EXERCISE DIRECTIONS: In the data below, repeat the line containing "4. 选中第一个分工作表查询 -->" and every following line exactly, up to and including the last line. Exclude pictures.

PROVIDED ENTRIES:
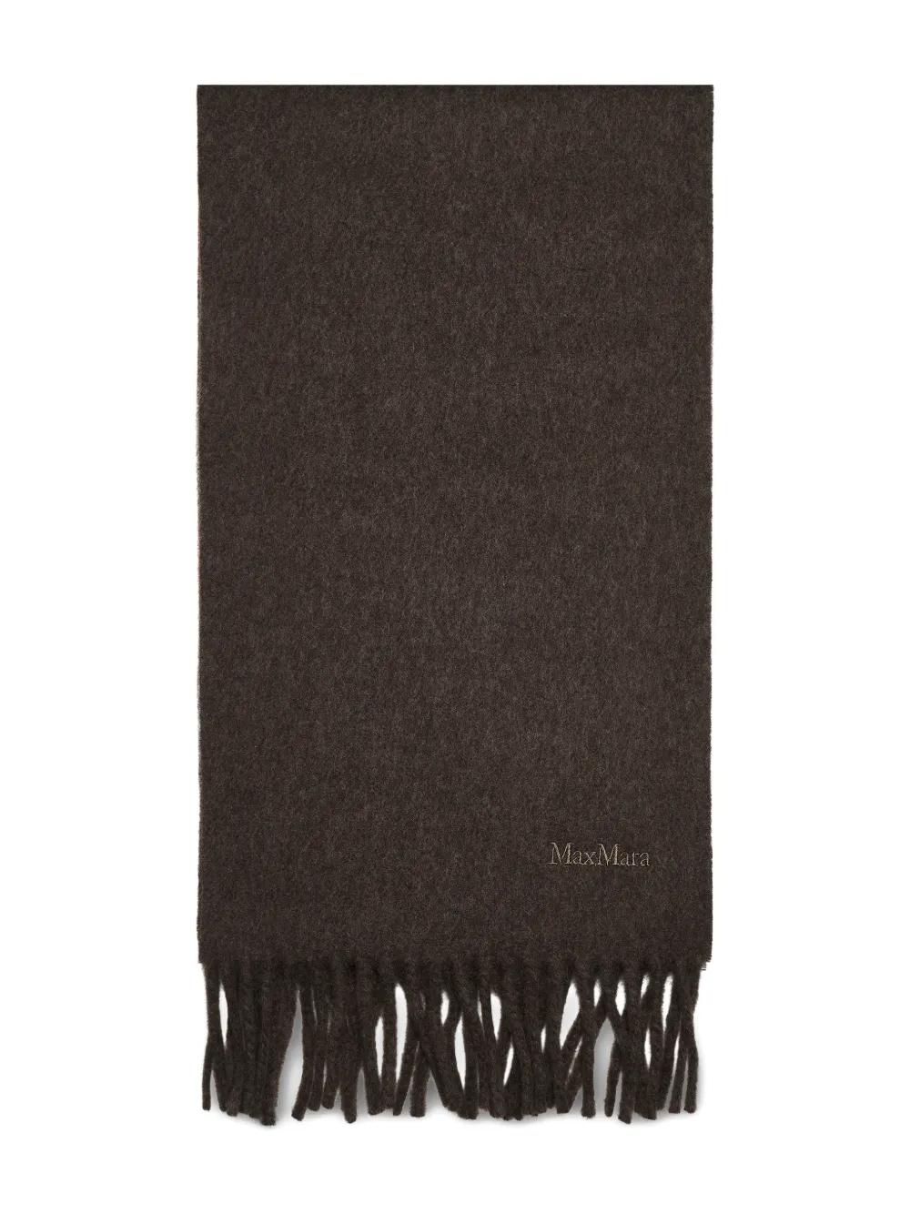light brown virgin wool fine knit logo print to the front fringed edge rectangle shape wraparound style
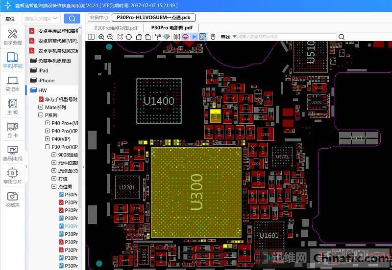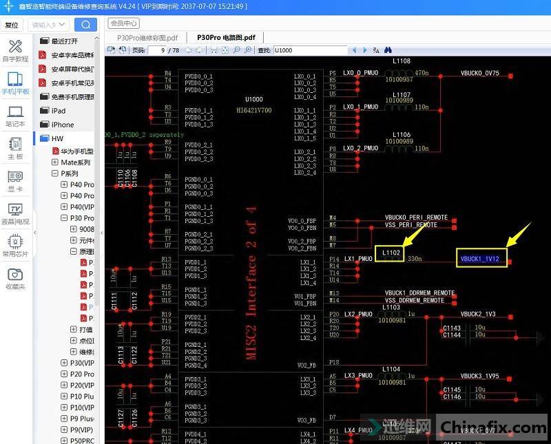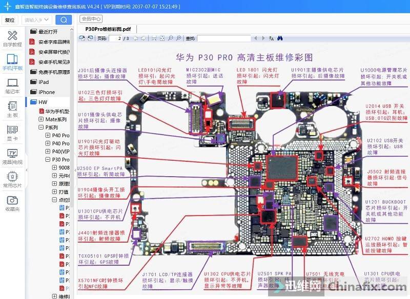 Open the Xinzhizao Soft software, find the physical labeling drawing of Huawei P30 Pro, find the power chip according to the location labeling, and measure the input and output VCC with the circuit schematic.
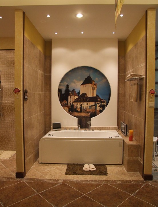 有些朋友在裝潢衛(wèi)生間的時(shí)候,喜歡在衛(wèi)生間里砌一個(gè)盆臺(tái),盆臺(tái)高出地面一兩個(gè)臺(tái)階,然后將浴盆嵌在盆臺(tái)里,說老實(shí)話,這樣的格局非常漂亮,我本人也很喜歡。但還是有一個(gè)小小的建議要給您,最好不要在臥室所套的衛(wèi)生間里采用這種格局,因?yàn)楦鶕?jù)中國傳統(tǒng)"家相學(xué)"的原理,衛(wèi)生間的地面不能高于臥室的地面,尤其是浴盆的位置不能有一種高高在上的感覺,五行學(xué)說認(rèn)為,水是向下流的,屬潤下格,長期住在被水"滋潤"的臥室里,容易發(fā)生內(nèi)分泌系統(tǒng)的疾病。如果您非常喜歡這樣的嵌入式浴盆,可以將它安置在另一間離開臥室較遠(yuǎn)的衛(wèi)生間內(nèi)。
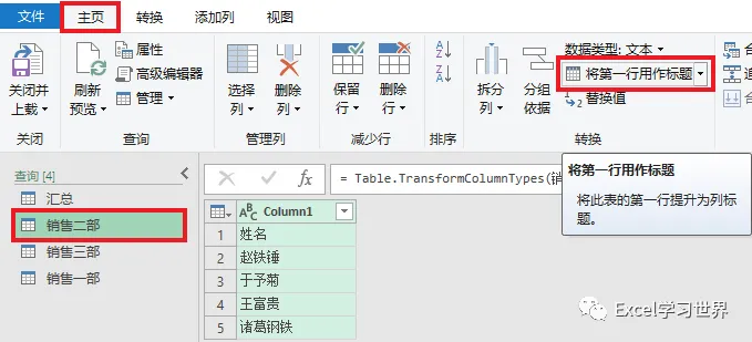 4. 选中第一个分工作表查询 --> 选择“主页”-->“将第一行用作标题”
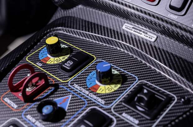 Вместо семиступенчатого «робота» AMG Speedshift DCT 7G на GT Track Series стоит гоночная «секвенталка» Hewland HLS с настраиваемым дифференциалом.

EXERCISE OUTPUT:
 4. 选中第一个分工作表查询 --> 选择“主页”-->“将第一行用作标题”
 Вместо семиступенчатого «робота» AMG Speedshift DCT 7G на GT Track Series стоит гоночная «секвенталка» Hewland HLS с настраиваемым дифференциалом.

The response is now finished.